John Tabuh had visited Ruby. He wanted to know if it was possible for a person to leave their body and travel at will – or whether Professor Farthy was right. Was it just a
hey-lucy-nation
caused by the rhythm of the drum playing games with the temporal lobe?

Ruby had sat John down under the red cedar tree and offered to send him to the Astral Temple. Although he was sceptical, Christa persuaded him to try, hoping that he might see his father; he missed him so much.

The drum drummed and John Tabuh was surprised to find himself in a place that wasn't entirely in his head. But his father never showed. He was there, but he wasn't at home, it seemed, to a son who hadn't completed his mission.
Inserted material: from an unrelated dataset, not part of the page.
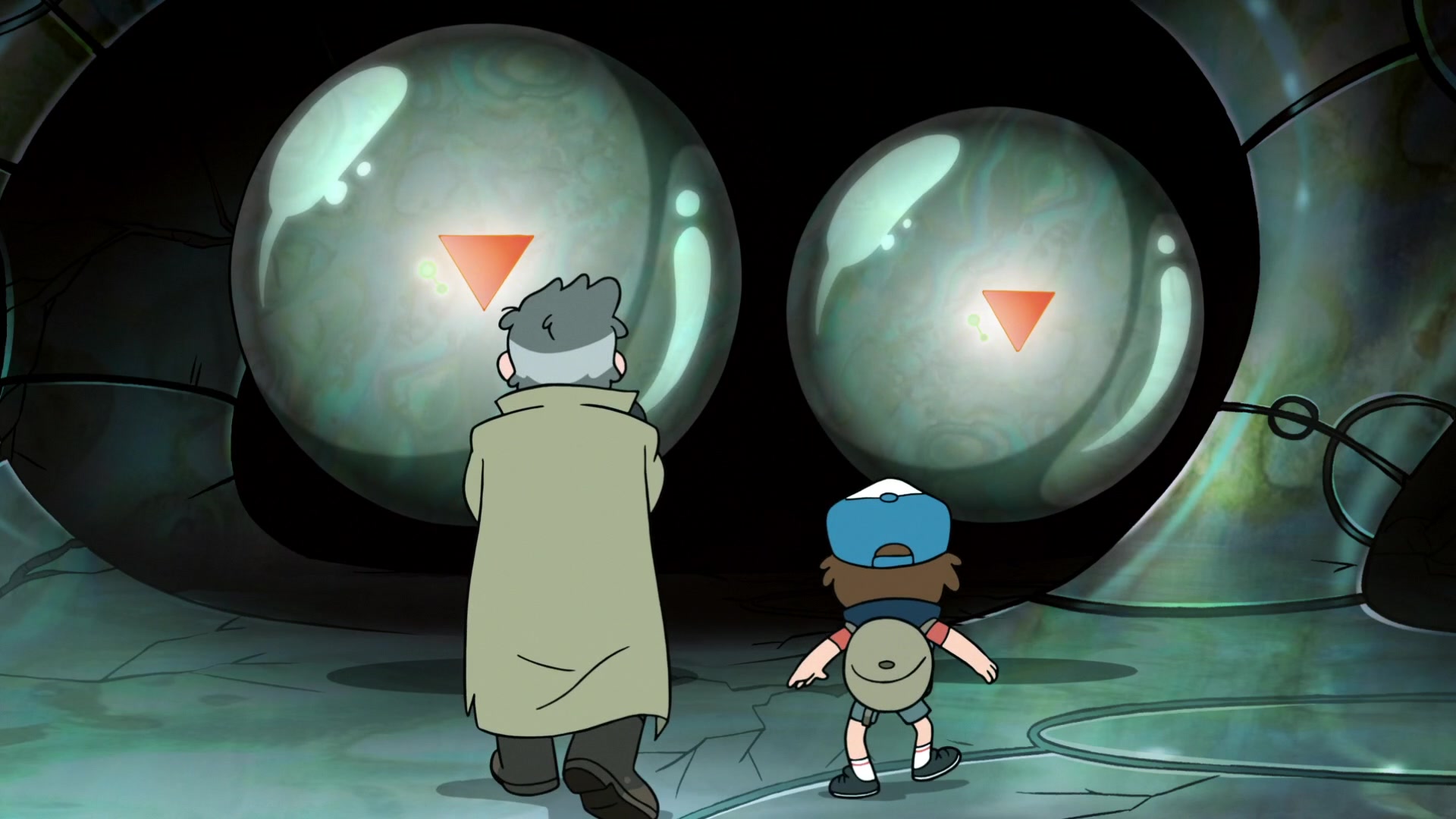 Ford and Dipper reach their destination - a large hill overlooking the floating cliffs of Gravity Falls. Ford remarks on how the cliffs look seemingly unnatural and oddly shaped, and Dipper realizes what Ford means when he holds a UFO keychain in front of him. Ford reveals to Dipper that the valley of Gravity Falls was created millions of years ago, when a spacecraft of some kind crash-landed into the area, creating the shape in the cliffs. The spacecraft is now buried under the town. Ford has had a lot of experience with the craft, having raided its parts to build the universe portal. He assures Dipper that all of the aliens inside have "probably" been dead for millions of years. Ford opens a hatch on the hill using a magnet gun, and the two head down it, into the depths of the spacecraft.

The witch doctor regarded John's visit to the temple as cheating. It
would
have been possible for him to discover what was real, what was magic and what was illusion right there if Yafer had allowed it, but he didn't approve of short cuts; they taught nothing but laziness.

John was unable to disguise his frustration, so Ruby had offered to guide him to the Lower World instead. He was grieving and she hoped it might comfort him to see his dearly departed. However when he came back, he was even more upset.

He'd seen an old Mexican couple with his twins in their arms; he'd smelled the herbal soap his mother used to use; but he didn't see the girl he wanted to see more than anyone else in the world. Sam guesses it was her, but as she's still alive there's no way he could have met her down among the roots where the dead reside.

“He dismissed the whole experience as a dream,” sighs Ruby. “I suggested he walk across hot coals to see if it would bring him closer to the truth, but he said no, anyone could walk on hot coals. They might look hot, but it was just an illusion. The heat isn't sufficient to burn the soles of your feet – not if you walk fast enough.”